I'm tempted to complain about low unit limits and slow base-building, but my most recent mission suggested these might get resolved later; I finally saw a tech upgrade that'd allow more units at once, and hence more grunt workers to keep maintaining my dungeon. But that's speculative.

Much as I admire the simultaneous underworld-management and overworld-exploration elements, Dungeons 2 makes controlling those elements a frustrating chore.

Better than: ehh, I barely played Evil Genius, which is also more than 15 years old, but... yeah?
Not as good as: Overlord
Maybe, possibly, better than: Brütal Legend, but only if you ignore that game's voice cast (which is one of Brütal Legend's greatest features).

Progress: Finished campaign mission 4 / met the Nagas.

Rating: Meh

My previous writings on Uncharted 3 ranked it just below its predecessor, but this most-recent playthrough has me reconsidering.

Particularly, I'm re-thinking takes like there aren't as many standout "Uncharted" moments and pacing is kind of wacky. Yes, this round of adventuring sees Nate and his crew racking up a crazy amount of air-miles, and none of their destinations have quite the gravitas of Nepal or Shambhala...

But the other side of that coin is a considerable accumulation of "postcard moments." The burning chateau, the night-time fortress incursion, escaping a sinking ship, air-dropping into the desert, a horseback convoy chase; sure, Ubar itself isn't all that impressive, but the journey there has plenty of vivid set-pieces that make this adventure a memorable one.

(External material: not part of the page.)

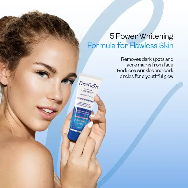 Face Fresh Cleanser Face Wash removes acne, wrinkles, spots, and dark circles while deeply cleansing the skin. Its regular use helps reduce signs of aging and restores clarity. Use twice daily for best results and enjoy a clean, refreshed, and youthful-looking complexion.
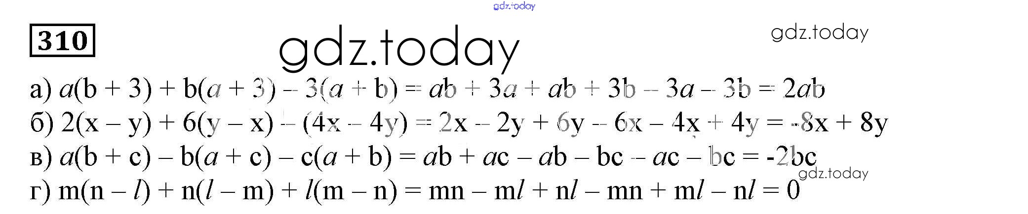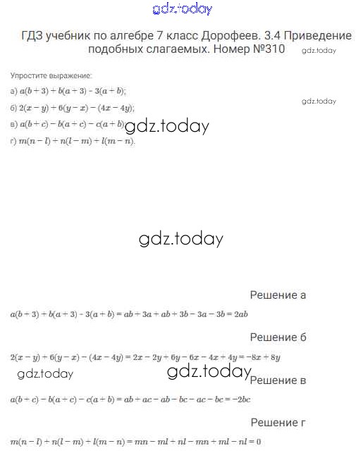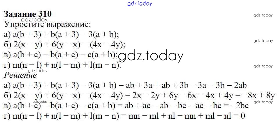 На страницах сайта gdz.today вы найдете учебный и вспомогательный материал, направленный на улучшения знаний школьной программы. ГДЗ - онлайн мир знаний Решение к упражнениям 310 Учебнику по Алгебре для 7 класса Дорофеев, Суворова Просвещение Академический школьный учебник 2020

And my anecdotal impression - that is, not a conclusion I've decisively measured - is that Naughty Dog (or perhaps Bluepoint) did a better job of facilitating the "Explorer" playstyle this time around. Generally speaking, Uncharted 3's combat encounters felt lighter in terms of tiresome bodycount, having fewer waves of mooks to senselessly mow down. Still enough to classify Nathan Drake as a bloodthirsty warlord, but, making positive progress.

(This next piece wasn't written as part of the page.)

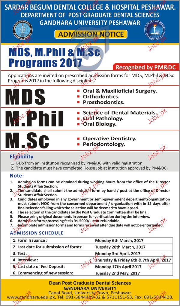 Gandhara University Peshawar Admission in Mphill and MSc in Peshawar. Read newspaper ad for exact details.

On the other hand, I also encountered more-frequent frustrations with unclear parkour directions than in the last game. Especially in several Crash Bandicoot-esque "running towards the camera" chases which, just, come on guys -- some thrilling screenshots of Nate's "oh no" face aren't worth so many die-and-retry loops caused by invisible obstacles.

At this point in the franchise, though, trying to rank Uncharted 2 and 3 against each other is basically futile. We know that the fourth game out-classes them both.

Progress: Finished on Explorer, again.

Rating: Good

My recent backlog-burning has been going pretty "Meh", so I'd been looking forward to playing a good game again. And Uncharted 2 delivers well-enough.

The PS4 Collection's graphical update is still looking good five years on, and Naughty Dog's banter-filled storytelling is still top-notch, even if the dissonance is hard to ignore.

On the flip side, while I've long been "over" Uncharted's combat - I switch to the Explorer difficulty by default - the amount of it is more groan-inducing than I'd remembered. Drake's body count is just absurd, and pumping round after round into wave after wave of enemy goons becomes a distracting chore between story beats.

And while the climbing and parkouring controls mostly work well, the moments when they don't stand out. Especially since the last few areas of the game seem to have so many of those moments. Unclear map directions and misleading climbing cues may be non-critical shortcomings, but they're shortcomings just the same.

I still love how the Uncharted franchise channels the spirit of Indiana Jones-style globe-trotting adventure, but as the series has aged, I'm not sure if Among Thieves is as critical an entry as it once was. I skipped over the first game for this round of replays; next time, I might skip the second, too.

Progress: Finished on Explorer, again.